▶ **Problem statement**
Only the lines from the beginning of the data through the line holding "Litho Berlin Tiergarten, Löwengruppe, spielende" belong in the answer, printed exactly and without pictures.

Stored data entries
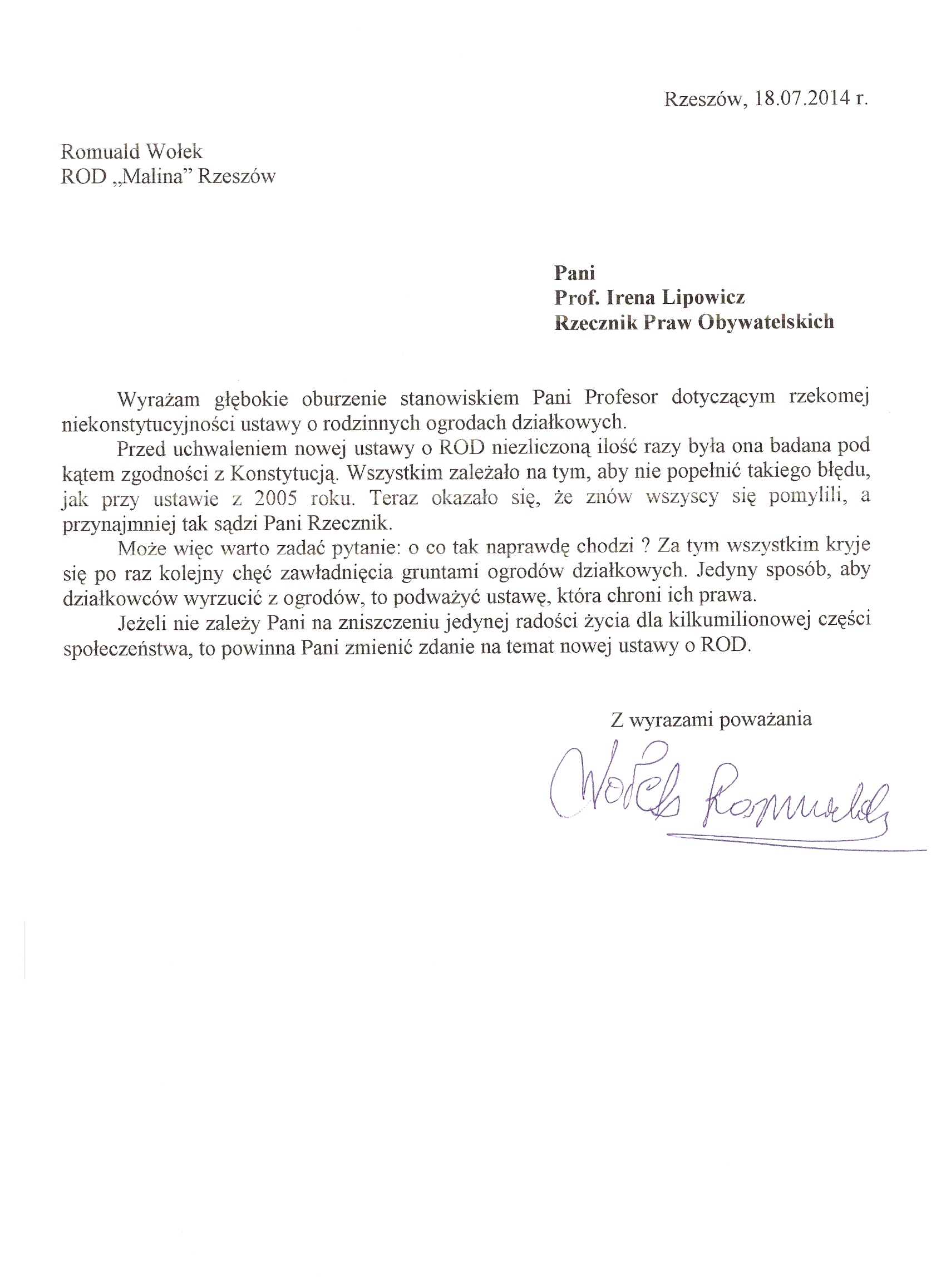 List Pana Romualda Wołka z ROD "Malina" w Rzeszowie do Rzecznika Praw Obywatelskich
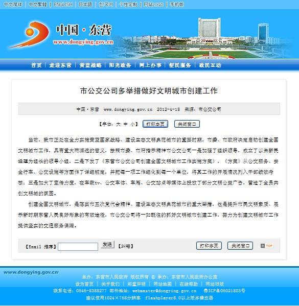 2012年4月27日東營市政府網(wǎng)站報道
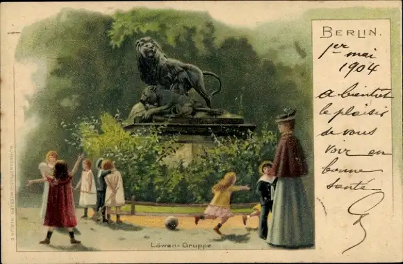 Litho Berlin Tiergarten, Löwengruppe, spielende Kinder
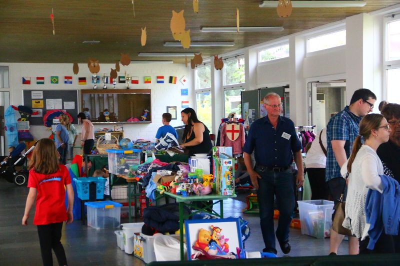 Um halb zwei Uhr nachmittags sah es alles andere als gut aus: dunkle Wolken zogen am südlichen Landkreis-Himmel auf, der sich abzeichnende Schauer ließ nicht lange auf sich warten. Die bereits im Außenbereich der Ilmmünsterer Grundschule aufgebauten Tische für den Kinderflohmarkt mussten demnach schnellstens in die Aula verlagert werden, so konnte der Verkauf wenigstens dort im Trockenen durchgeführt werden.
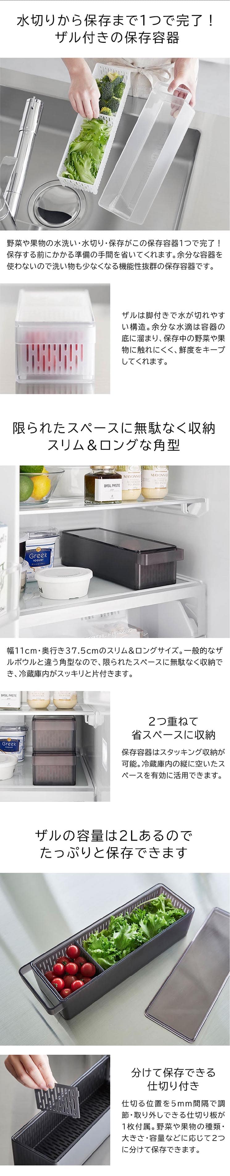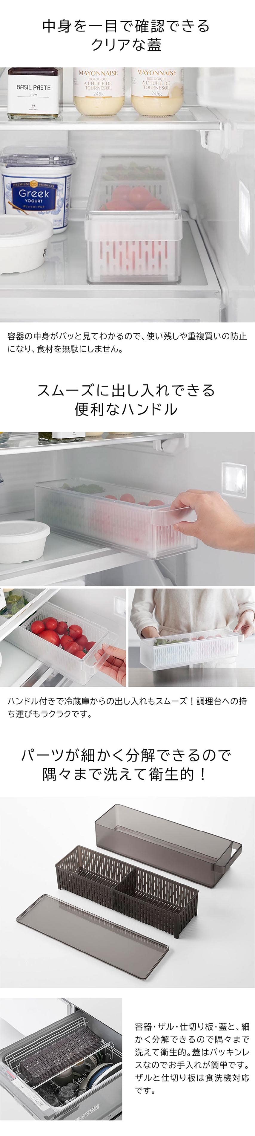 冷蔵庫中収納シリーズを並べて冷蔵庫の中をスッキリ整頓!冷蔵庫の奥まで無駄なく使えて、野菜や果物の水切りができるザル付きの保存容器。積み重ねて収納できるのでスペースを有効活用できます。ザル・仕切りは食洗機で洗えます。
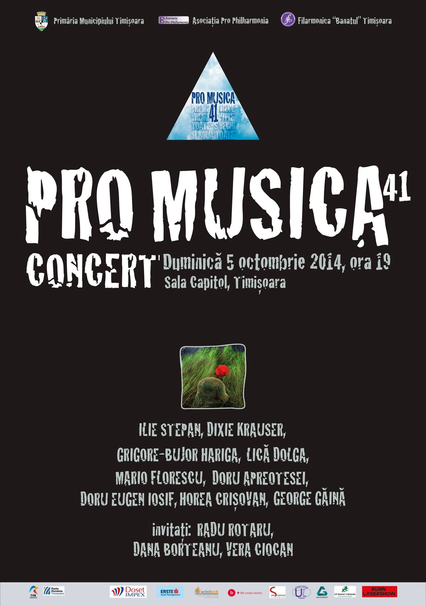 5 octombrie 2014 @ 19:00 – 23:20 – Pro Musica, un grup de legendă a muzicii rock din România, revine pe scenă după 21 de ani! Concertul – eveniment „Pro Musica 41” va avea loc la Sala Capitol a Filarmonicii „Banatul” din Timişoara duminică, 5 octombrie, de la ora 19.00. Motto-ul concertului este „Vreme trece, vreme vine … toate-s vechi şi nouă toate”, […]

▶ **Response**
 List Pana Romualda Wołka z ROD "Malina" w Rzeszowie do Rzecznika Praw Obywatelskich
 2012年4月27日東營市政府網(wǎng)站報道
 Litho Berlin Tiergarten, Löwengruppe, spielende Kinder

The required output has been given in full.